In your copy, include every line of the records exactly and no picture at all.

· · · · ·

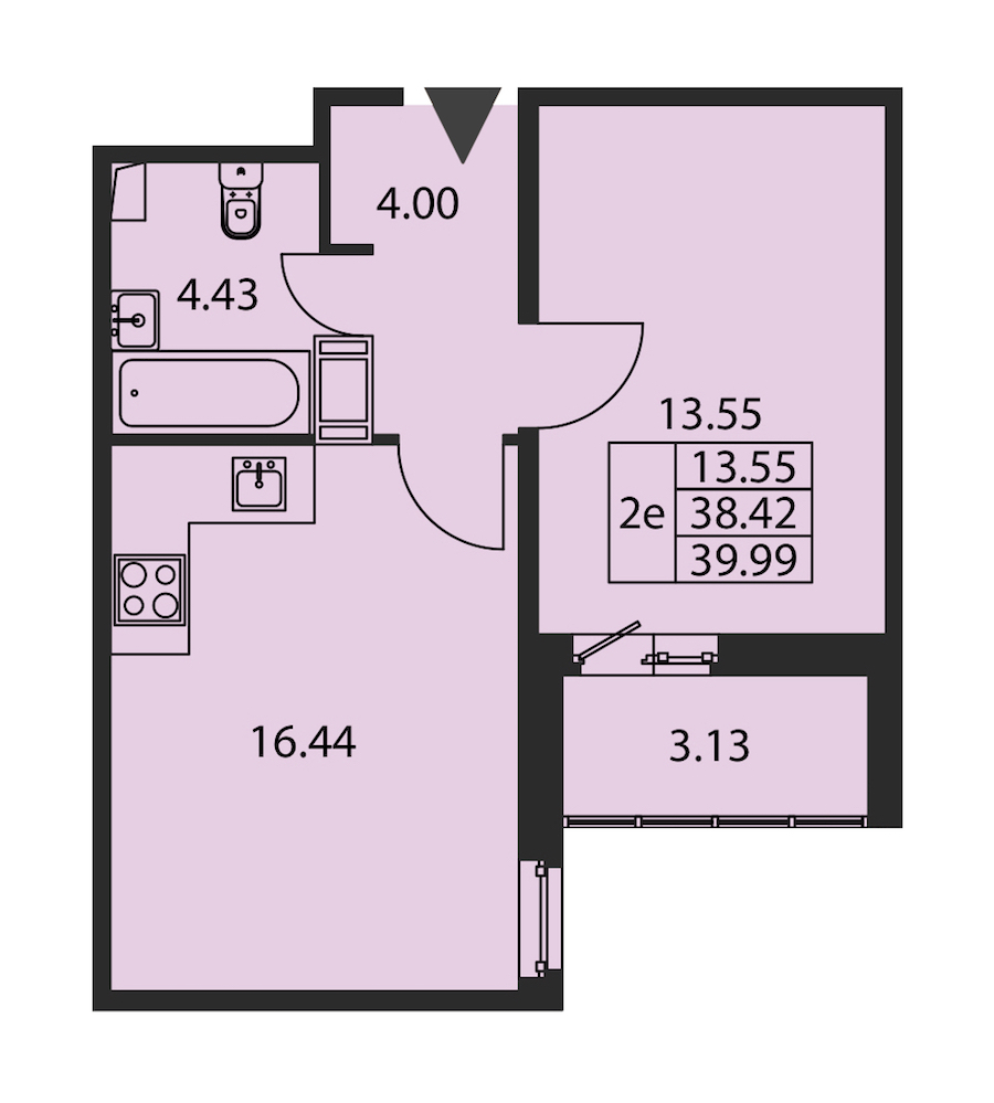 - Площадь38,42 м2
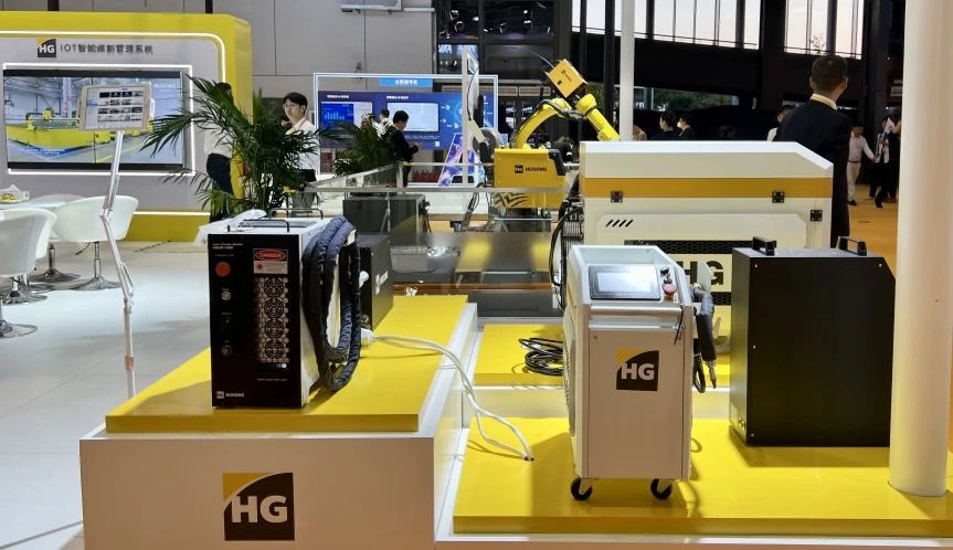 HUGONG免示教机器人工作站,具备寻位纠偏、实时跟踪、先扫后焊三种模式,可自主决策焊接。展会现场展示了激光跟踪定位技术,精确定位焊接轨迹,自动清理焊渣,提升了焊接的精度和美观性,让机器智造更加智能化!高性能、高稳定性、高可靠性的设计理念,满足不同行业需求,为其提供个性化定制的机器人解决方案。
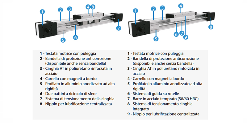 Unità lineare compatta con corpo in alluminio estruso di precisione con trasmissione a cinghia dentata rinforzata con trefoli in acciaio temprato e puleggia di trasmissione a gioco zero. La cinghia dentata in poliuretano è guidata nella scanalatura del profilo e protegge lo stesso da contaminazioni esterne. Per una migliore protezione delle parti interne l’unità lineare può essere sigillata con un nastro di protezione anti corrosione. Una porta centralizzata permette la rilubrificazione del sistema di guida su pattini a ricircolo di sfere.
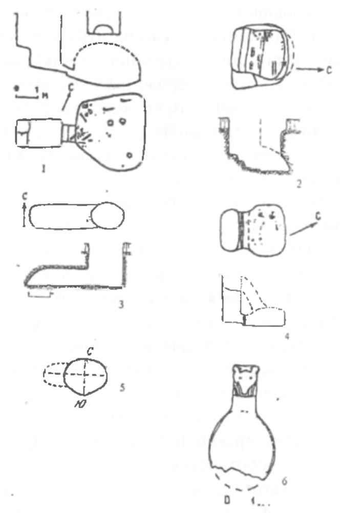 Плани та розрізи катакомбних поховань скіфського часу у сіверськодонецькому регіоні: 1 Веселе (Шрамко, 1992); 2 Рідний Край (Бандуровекий, Буйнов, 2000); 3 Пісочин (Бабенко. 2005); 4 Новий Мерчик (Шрамко, Бойко, 1988); 5 Черемушна (Либеров, 1962); 6 Ложечка. Селище поблизу м. Люботин. Випадкова знахідка. Матеріал: кістка.
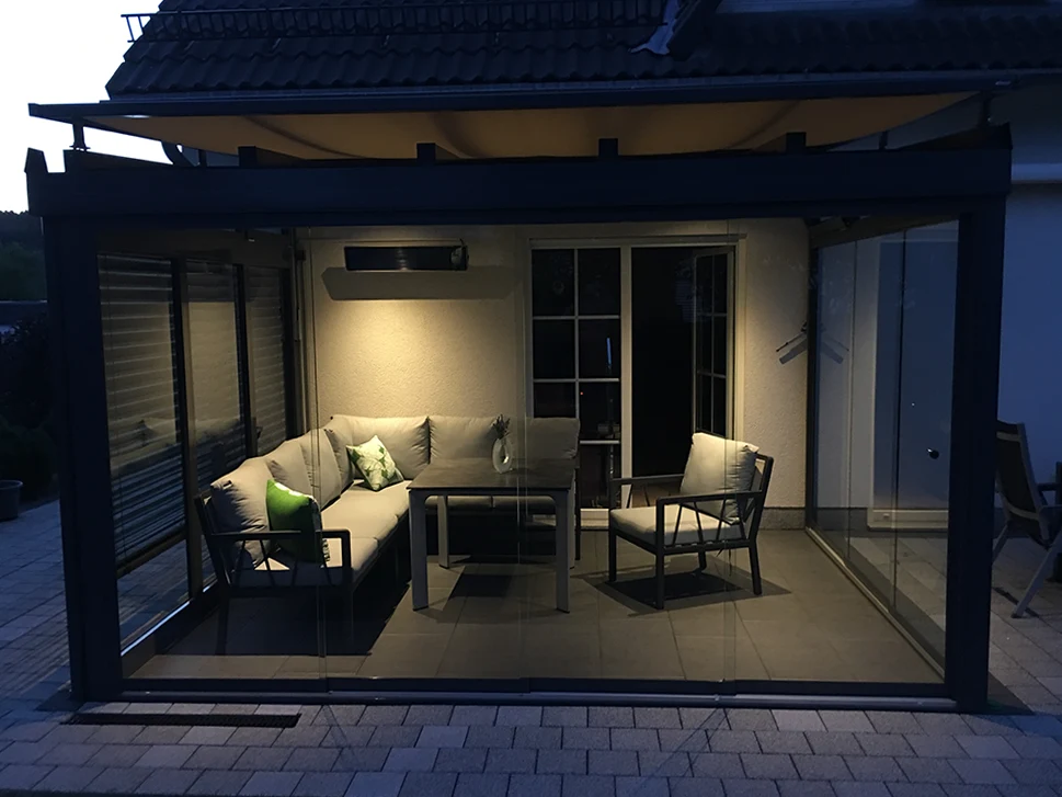 Die Beleuchtung verschafft Ihnen die passende Atmosphäre zu einem gemütlichen Abend unter Ihrer Terrassenüberdachung bis hin zur notwendigen Beleuchtung für Hauseingänge oder Carport z. B. für eine „Coming Home Beleuchtung“ in Verbindung mit einem Bewegungsmelder.

· · · · ·

EXERCISE RESPONSE
 - Площадь38,42 м2
 HUGONG免示教机器人工作站,具备寻位纠偏、实时跟踪、先扫后焊三种模式,可自主决策焊接。展会现场展示了激光跟踪定位技术,精确定位焊接轨迹,自动清理焊渣,提升了焊接的精度和美观性,让机器智造更加智能化!高性能、高稳定性、高可靠性的设计理念,满足不同行业需求,为其提供个性化定制的机器人解决方案。
 Unità lineare compatta con corpo in alluminio estruso di precisione con trasmissione a cinghia dentata rinforzata con trefoli in acciaio temprato e puleggia di trasmissione a gioco zero. La cinghia dentata in poliuretano è guidata nella scanalatura del profilo e protegge lo stesso da contaminazioni esterne. Per una migliore protezione delle parti interne l’unità lineare può essere sigillata con un nastro di protezione anti corrosione. Una porta centralizzata permette la rilubrificazione del sistema di guida su pattini a ricircolo di sfere.
 Плани та розрізи катакомбних поховань скіфського часу у сіверськодонецькому регіоні: 1 Веселе (Шрамко, 1992); 2 Рідний Край (Бандуровекий, Буйнов, 2000); 3 Пісочин (Бабенко. 2005); 4 Новий Мерчик (Шрамко, Бойко, 1988); 5 Черемушна (Либеров, 1962); 6 Ложечка. Селище поблизу м. Люботин. Випадкова знахідка. Матеріал: кістка.
 Die Beleuchtung verschafft Ihnen die passende Atmosphäre zu einem gemütlichen Abend unter Ihrer Terrassenüberdachung bis hin zur notwendigen Beleuchtung für Hauseingänge oder Carport z. B. für eine „Coming Home Beleuchtung“ in Verbindung mit einem Bewegungsmelder.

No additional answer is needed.